# Task brief:
The reply should hold only the lines below beginning at the one with "四川康藏路橋有限責(zé)任" and ending at the one with "наблюдает за ходом", copied exactly, with every picture left out.

# Extracted entries:
>>>

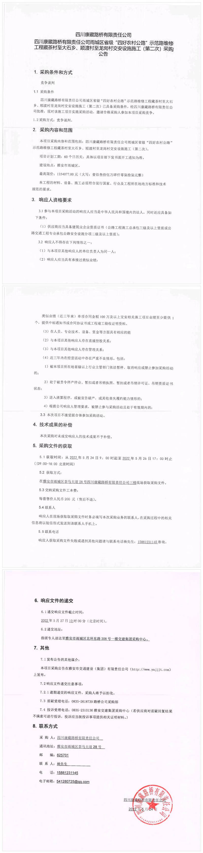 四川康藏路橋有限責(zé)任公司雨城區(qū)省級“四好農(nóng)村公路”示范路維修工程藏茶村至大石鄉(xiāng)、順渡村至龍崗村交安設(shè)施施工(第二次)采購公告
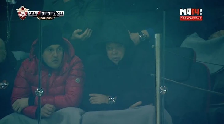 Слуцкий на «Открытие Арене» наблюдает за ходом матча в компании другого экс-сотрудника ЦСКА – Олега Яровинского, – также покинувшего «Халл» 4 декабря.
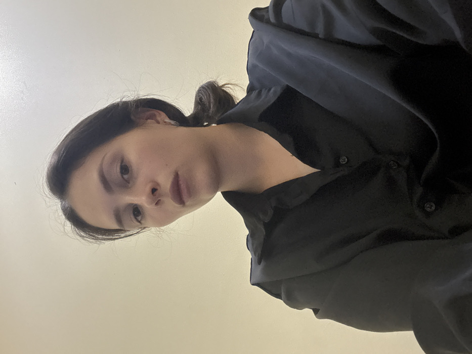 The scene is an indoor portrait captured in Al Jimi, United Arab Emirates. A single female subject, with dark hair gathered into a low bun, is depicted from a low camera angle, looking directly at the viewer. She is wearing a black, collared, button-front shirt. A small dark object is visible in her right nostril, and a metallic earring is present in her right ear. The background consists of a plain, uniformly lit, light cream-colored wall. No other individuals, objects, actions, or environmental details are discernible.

<<<
>>>

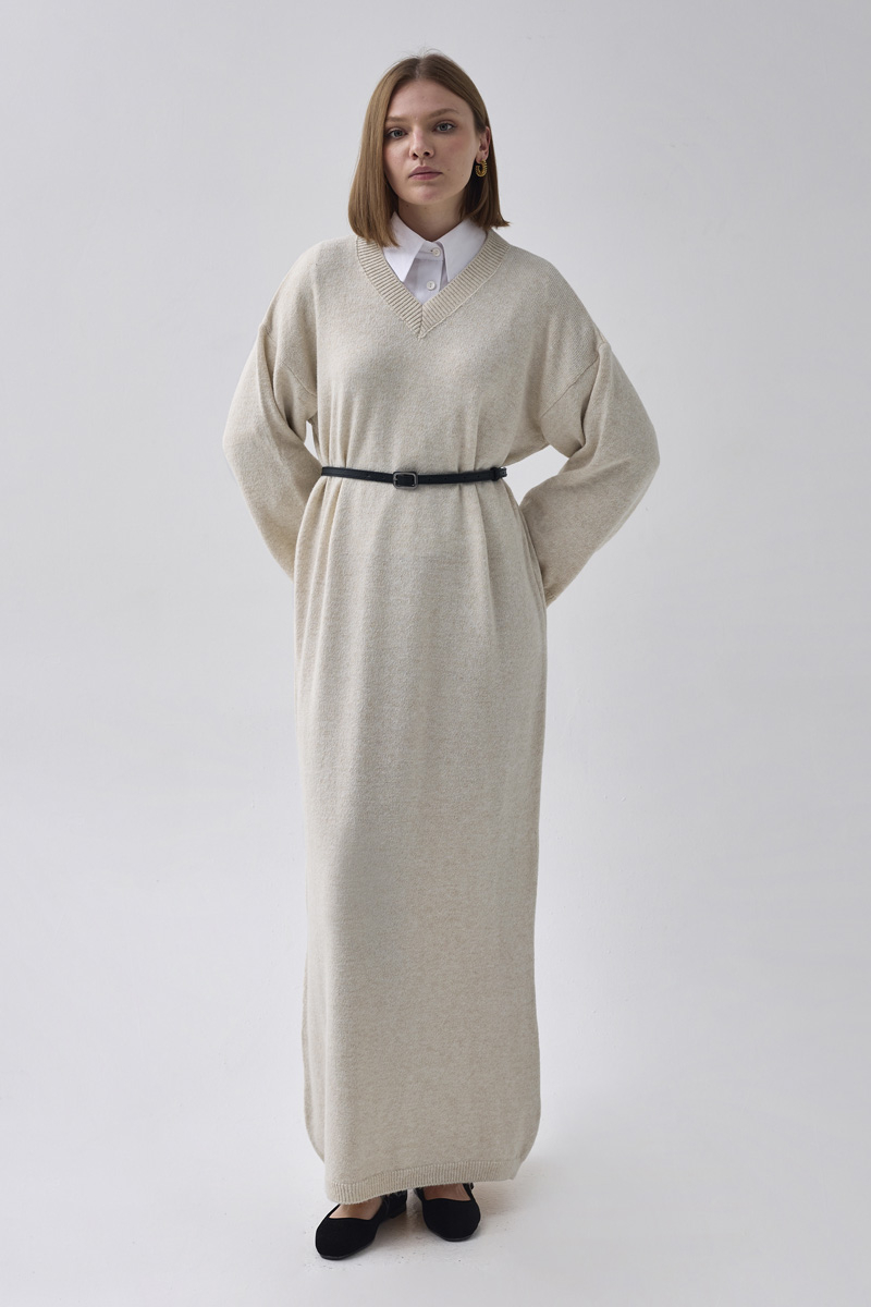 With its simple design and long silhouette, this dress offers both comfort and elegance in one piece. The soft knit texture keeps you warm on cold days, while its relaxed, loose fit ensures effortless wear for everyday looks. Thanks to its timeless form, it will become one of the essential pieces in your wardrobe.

<<<
>>>

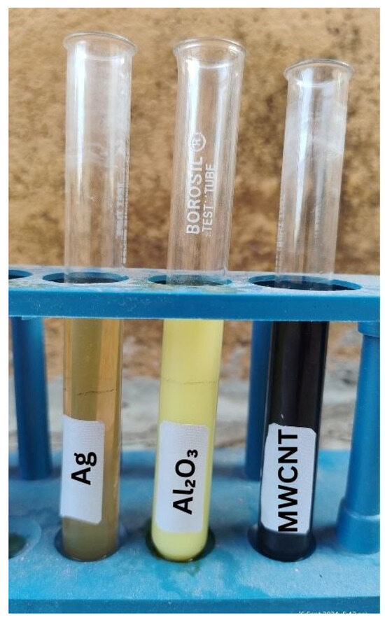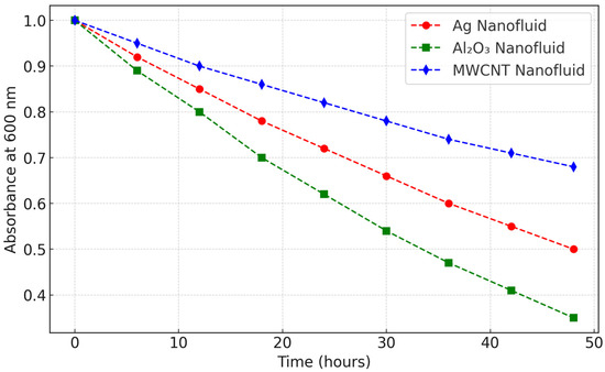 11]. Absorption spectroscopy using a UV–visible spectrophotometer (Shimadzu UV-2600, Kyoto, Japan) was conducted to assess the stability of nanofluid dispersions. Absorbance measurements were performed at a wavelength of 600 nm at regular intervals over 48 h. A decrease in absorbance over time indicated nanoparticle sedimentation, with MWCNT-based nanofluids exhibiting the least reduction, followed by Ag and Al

<<<

# Task result:
 四川康藏路橋有限責(zé)任公司雨城區(qū)省級“四好農(nóng)村公路”示范路維修工程藏茶村至大石鄉(xiāng)、順渡村至龍崗村交安設(shè)施施工(第二次)采購公告
 Слуцкий на «Открытие Арене» наблюдает за ходом матча в компании другого экс-сотрудника ЦСКА – Олега Яровинского, – также покинувшего «Халл» 4 декабря.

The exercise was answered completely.